## HOW TO COMPLETE THIS TASK
Retype each line of the material exactly, please, skipping any picture in it.

## STORED DATA
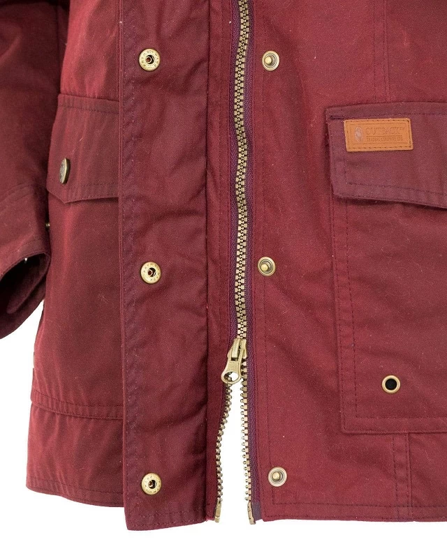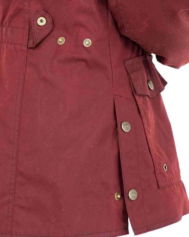This is the edgiest Oilskin ladies jacket Outback Trading Company offers, the Jill-a-Roo, has a corduroy collar, drawstring waist and adjustable cuffs and riding gussets.
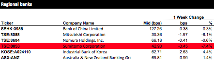 The latest five-year CDS spreads of global and regional banks, provided by S&P Global Market Intelligence.
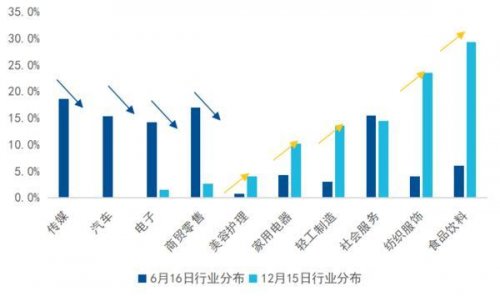 从调整后的行业分布来看,“真消费”行业板块权重显著提升,业务模糊或科技属性更强的行业被剔除。如下图所示,食品饮料、纺织服饰、家用电器、美容护理等行业占比抬升,而传媒、汽车等行业被剔除,电子、商贸零售行业的占比明显下降。

## EXERCISE ANSWER
This is the edgiest Oilskin ladies jacket Outback Trading Company offers, the Jill-a-Roo, has a corduroy collar, drawstring waist and adjustable cuffs and riding gussets.
 The latest five-year CDS spreads of global and regional banks, provided by S&P Global Market Intelligence.
 从调整后的行业分布来看,“真消费”行业板块权重显著提升,业务模糊或科技属性更强的行业被剔除。如下图所示,食品饮料、纺织服饰、家用电器、美容护理等行业占比抬升,而传媒、汽车等行业被剔除,电子、商贸零售行业的占比明显下降。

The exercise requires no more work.